I had one sad incident on the bike path in my small town in Idaho a year and a half ago, where a little girl asked to pet my dog, and I got talking to her. She said she had a dog but it had broken it's leg. I asked " did you take it to the veterinarian?" as I was just trying to make conversation. She blurted out in an incredulous matter of fact way" oh no, we can't afford that" my heart sank, and then she proceeded to tell me some story involving bartering and finagling to get some kind of secondary homemade treatment for the dog.

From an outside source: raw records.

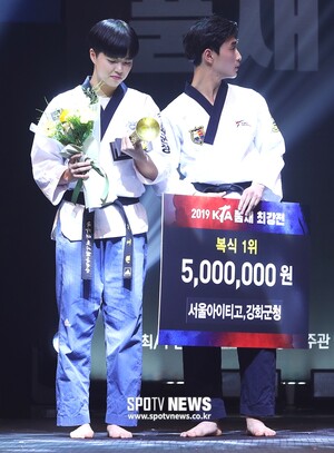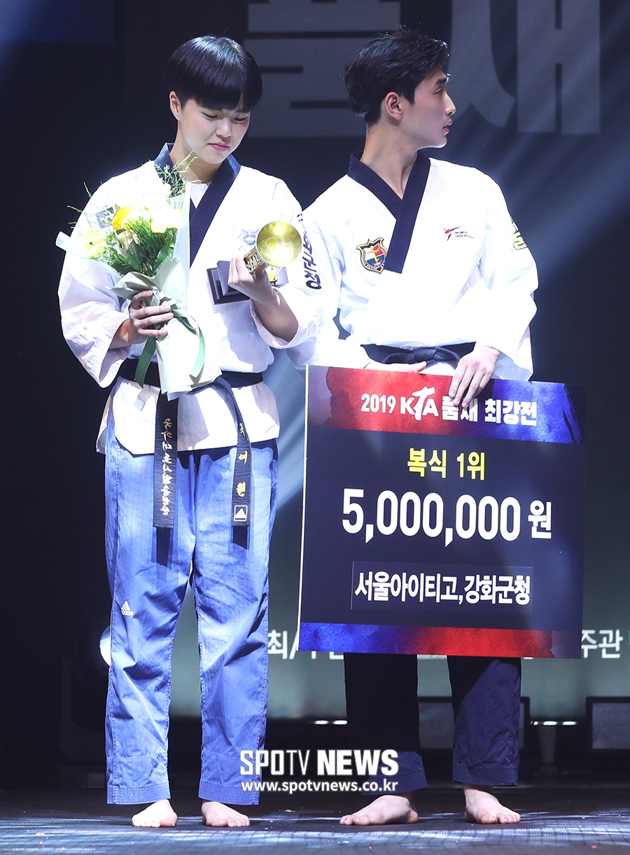 [스포티비뉴스=서울, 곽혜미 기자] 2019 KTA 품새 최강전이 9일 오후 서울 송파구 올림픽공원 K아트홀에서 열렸다. 복식 1위를 차지한 윤규성과 곽여원이 트로피를 바라보고 있다.
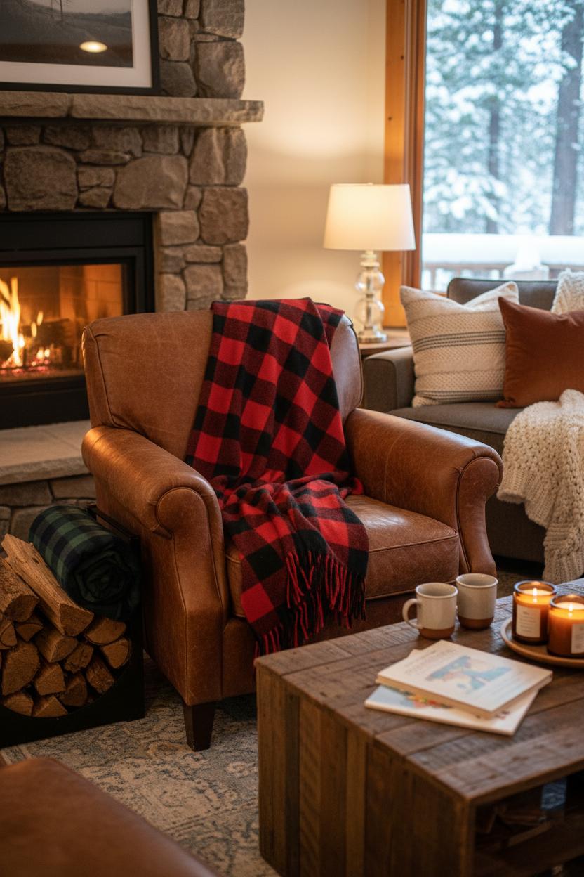 When the temperature drops and the pines start whispering, nothing pulls a room together like a plaid wool throw. In the living room, drape it over the arm of a worn leather chair so it looks ready for story time by the fire. If you’ve got a firewood rack tucked by the hearth, roll the throw and lean it nearby for that “grab-and-snuggle” vibe. Layer it across the back of a sofa, then scatter a couple of textured pillows for instant cabin decor that feels lived-in, not staged. Light a few soy candles to let the glow and scent do their magic—suddenly the whole space reads cozy weekend, even on a Tuesday.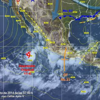 CIUDAD DE MÉXICO (13/AGO/2014).- La Comisión Nacional del Agua (Conagua) informó que la depresión tropical 11-E evolucionó esta mañana de miércoles a la tormenta tropical "Karina" en el Océano Pacífico.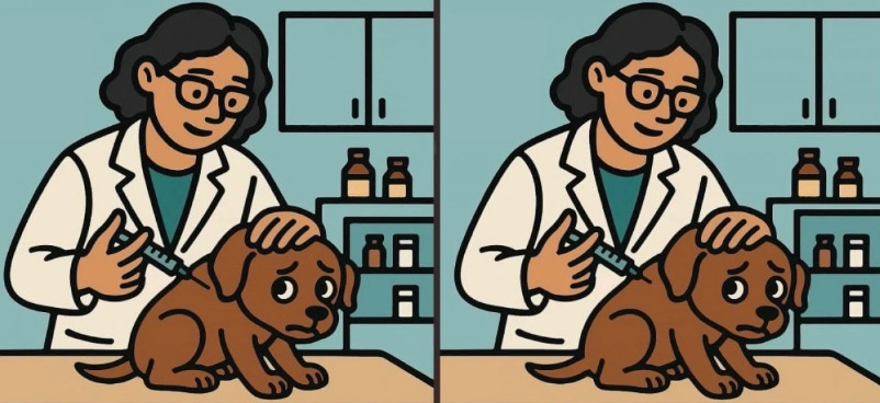 Уважно подивіться на два зображення, на яких ветеринар робить укол собаці. Картинки здаються однаковими, але між ними сховані три невеликі відмінності.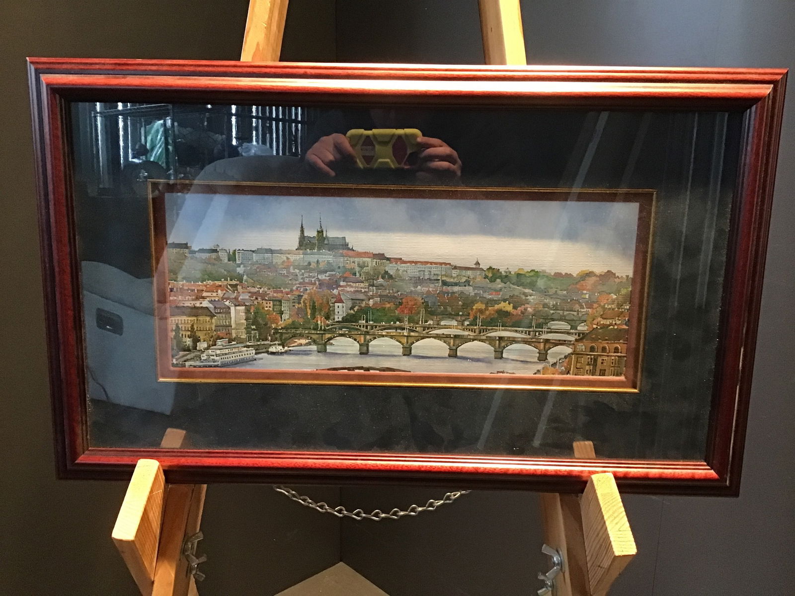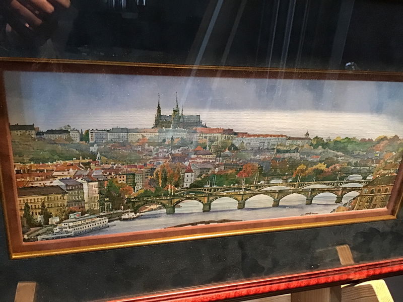Lovely print of a painting of what appears to be the famous Charles Bridge in Prague, Czecc Republic. Shows the beautiful skyline over the Vltava river. The real kicker is the amazing frame work on this piece, marbled blue background with gold trim around the border and lovely cherry colored wood frame around it.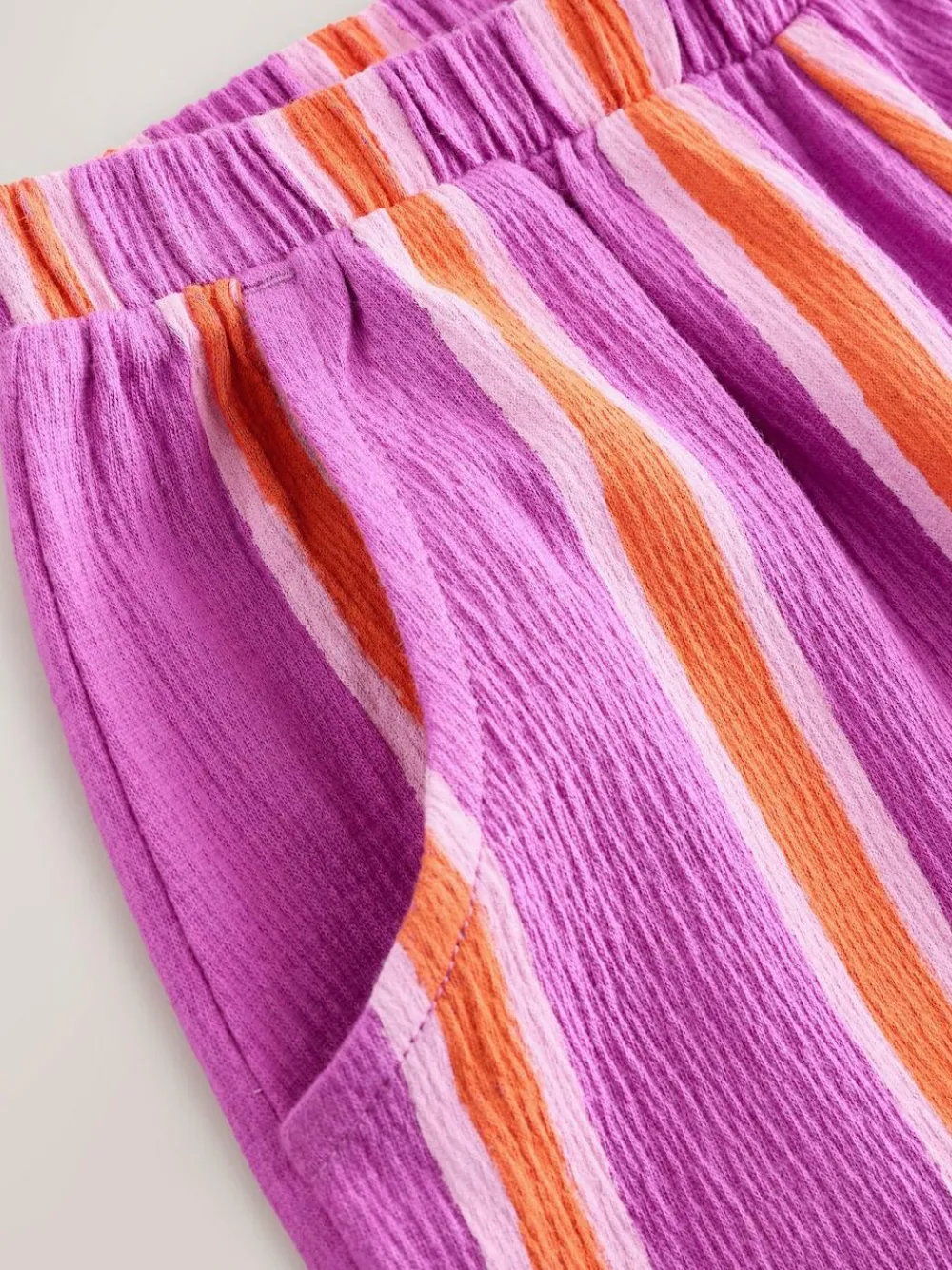 Introduce a vibrant and comfortable style with these Purple Orange Stripe Barrel Leg Trousers. Crafted from soft crinkle jersey fabric, they offer a lovely relaxed texture and easy movement. The fashionable Barrel Leg cut and bold stripe pattern make these easy to wear, perfect for casual outings and all-day comfort. Crinkle jersey fabric Barrel Leg Trousers Stripe pattern Elasticated waist Machine washable. 92% Cotton, 6% Recycled polyester, 2% Elastane.

I have heard heart breaking stories of families that have lost jobs, and homes and as a result have had to rehome their pets as well. It's been so hard to watch families that had a dream of mother, father, kids, a home, a dog and a white picket fence as has been the American dream, and see parents squabbling and breaking up over economic stresses, homes lost and with them dreams, hope, and family cohesion lost as well. Children who once experienced stability,now setting patterns of fear and mistrust and anxiety at an early age, and the poor dogs, once so ensconced in the warmth and routine of their families, uprooted and having to fend for themselves and learn to trust again in a new situation. Of all the family members, I think maybe it is the dogs who, if given a new home where their needs are met , adapt faster than their human counterparts. They don't seem to carry as much post traumatic stress, but even dogs understand when spouses start yelling and someone packs a suitcase , as I was told recently by a man, that his dog got very nervous when this happened, as the dog had seen this before and knew something scary was about to take place, as when the last time the dog was separated from his family. So I have seen in our country a change back full circle, from a once humble retail landscape to an exuberant, upscale revival, then empty store fronts, before returning to the previous more humble retail landscape, all the while getting exercise with my economic and sociological education, and helping to walk the shelter dogs.